Hi WULongski,

When you enable

 [TRAINING]
 transliteration-module = "yes"


in the EMS, it simply trains transliteration model from your word-aligned
parallel corpus. This includes i) mining transliteration corpus, ii) then
training the entire phrase-based pipeline over character corpus that was
just mined. At the end you have a transliteration model that can be used to
transliterate OOVs.

You can either use the model to transliterate in a post-decoding step i.e.
after the actual decoder has run and now you just need to transliterate the
OOVs. This is done through

post-decoding-transliteration = "yes"


An alternative is to do it at the same time the actual decoding takes place

in-decoding-transliteration = "yes"



This allows the decoder to reorder OOVs along with the regular words. But I
did not get any better BLEU scores on average.

The current implementation is independent of tuning i.e. you don't have to
retune the system when you enable transliteration. Tuning transliteration
parameters (LM-OOV, transliteration phrase-table, etc) did not improve
results so I just fixed weights. Currently LM-OOV feature gets precedence.

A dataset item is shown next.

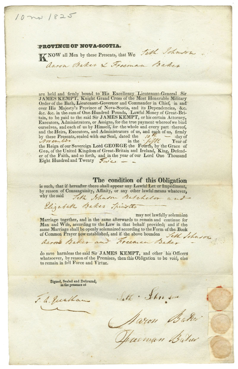 Note: signed by Seth Johnson, Aaron Baker, Freeman Baker
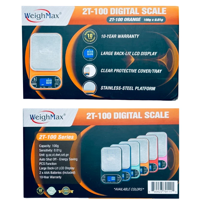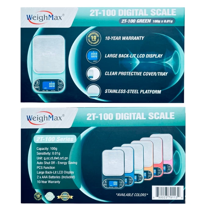 WEIGHMAX 2T-100 X 0.01G LED DIGITAL SCALE – PRECISION AND PORTABILITY The Weighmax 2T-100 Digital Scale is a reliable, compact solution for your precise weighing needs. With a capacity of 100 grams and sensitivity of 0.01 grams , this scale is perfect for measuring jewelry, ingredients, or other small items. Its TARE function , energy-saving auto shut-off , and easy calibration mode ensure convenience and accuracy every time. KEY FEATURES High Precision and Capacity: Measures up to 100 grams with an accuracy of 0.01 grams , making it ideal for precision tasks. Multiple Unit Conversions: Easily switch between grams (g) , ounces (oz) , carats (ct) , and pennyweight (dwt) to fit your specific needs. TARE Function for Convenience: Weigh items in containers or subtract the weight of packaging with ease using the TARE function. Large Backlit LCD Display: Provides clear, easy-to-read measurements, even in low-light settings. Energy-Saving Auto Shut-Off: Automatically powers down after a period of inactivity to conserve battery life. Easy Calibration Mode: Simple calibration ensures the scale delivers consistent and accurate readings over time. Portable and Durable: Lightweight and compact design makes it easy to carry and store, without compromising durability. SPECIFICATIONS Feature Details Capacity 100 grams Readability 0.01 grams Weighing Units g, oz, ct, dwt TARE Function Yes Display Large Backlit LCD Auto Shut-Off Yes (energy-saving feature) Calibration Easy Calibration Mode Power Source 2 AAA batteries (included) WHAT’S INCLUDED IN THE BOX? Weighmax 2T-100 Digital Scale 2 AAA Batteries User Manual WHY CHOOSE THE WEIGHMAX 2T-100 X 0.01G DIGITAL SCALE? Unmatched Precision: With 0.01g sensitivity , it’s perfect for precision tasks. Versatile Unit Conversions: Switch easily between grams, ounces, carats, and pennyweight. Compact and Lightweight Design: Portable enough to carry anywhere. Energy-Efficient: Auto shut-off extends battery life for long-lasting use. User-Friendly: The TARE function and easy calibration make it ideal for all skill levels. The Weighmax 2T-100 X 0.01G LED Digital Scale is a reliable tool for professionals and hobbyists alike. Whether for home use, jewelry making, or crafting, this scale ensures accuracy and ease of use in every application.

>> --alignment means what ?  it means I should have other corpus??? I only
have the en-fr corpus. what does the aligned text mean?

You need word-alignments to mine transliteration pairs. The miner works on
1-1 word-list.

>> --srilm-dir <sri lm binary path>       it means that I should install
the srilm????

it will use lmplz if you don't specify srilm-dir

>>  I want to know that if I want to translate french to english . I should
first do baseline steps ,then I will do these steps in

Transliteration of OOV helps when source and target are written in
different writing scripts. For French and English, simply copying over the
unknown word would be more fruitful. Transliteration may helpful
interesting cognates and interesting transformation of borrowed words. But
I don't think it will improve translation quality.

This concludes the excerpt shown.